— Task to carry out —
Both the line below containing "Barack-krém orchideás-rózsa kitűző, bokréta" and the line containing "Forse sarà l’ultimo", along with every line between them, should be repeated exactly; no other line belongs in the answer.

— Data for this exercise —
|---|

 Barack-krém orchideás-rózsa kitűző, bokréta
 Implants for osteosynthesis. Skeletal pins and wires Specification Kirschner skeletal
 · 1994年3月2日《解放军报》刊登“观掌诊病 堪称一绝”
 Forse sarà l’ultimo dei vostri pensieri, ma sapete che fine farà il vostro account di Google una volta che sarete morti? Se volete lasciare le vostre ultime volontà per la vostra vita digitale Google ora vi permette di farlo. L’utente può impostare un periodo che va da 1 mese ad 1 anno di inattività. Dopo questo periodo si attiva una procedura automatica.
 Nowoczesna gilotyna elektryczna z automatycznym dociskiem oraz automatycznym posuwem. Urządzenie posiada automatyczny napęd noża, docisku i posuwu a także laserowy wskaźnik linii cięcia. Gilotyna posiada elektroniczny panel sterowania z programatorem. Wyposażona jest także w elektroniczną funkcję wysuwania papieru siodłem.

|---|

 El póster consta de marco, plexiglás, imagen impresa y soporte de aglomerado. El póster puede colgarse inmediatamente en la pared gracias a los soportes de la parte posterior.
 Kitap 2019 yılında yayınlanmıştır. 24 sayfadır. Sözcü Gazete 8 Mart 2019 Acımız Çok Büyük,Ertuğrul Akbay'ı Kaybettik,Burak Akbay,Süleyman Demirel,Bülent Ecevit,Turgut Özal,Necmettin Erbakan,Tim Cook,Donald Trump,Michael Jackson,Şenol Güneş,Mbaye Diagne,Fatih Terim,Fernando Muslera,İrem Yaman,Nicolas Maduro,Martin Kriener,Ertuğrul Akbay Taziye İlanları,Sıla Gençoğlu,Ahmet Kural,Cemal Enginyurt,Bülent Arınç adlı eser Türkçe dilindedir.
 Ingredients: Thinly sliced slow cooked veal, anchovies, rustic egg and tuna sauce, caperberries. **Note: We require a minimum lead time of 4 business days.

|---|

— Expected answer —
 Barack-krém orchideás-rózsa kitűző, bokréta
 Implants for osteosynthesis. Skeletal pins and wires Specification Kirschner skeletal
 · 1994年3月2日《解放军报》刊登“观掌诊病 堪称一绝”
 Forse sarà l’ultimo dei vostri pensieri, ma sapete che fine farà il vostro account di Google una volta che sarete morti? Se volete lasciare le vostre ultime volontà per la vostra vita digitale Google ora vi permette di farlo. L’utente può impostare un periodo che va da 1 mese ad 1 anno di inattività. Dopo questo periodo si attiva una procedura automatica.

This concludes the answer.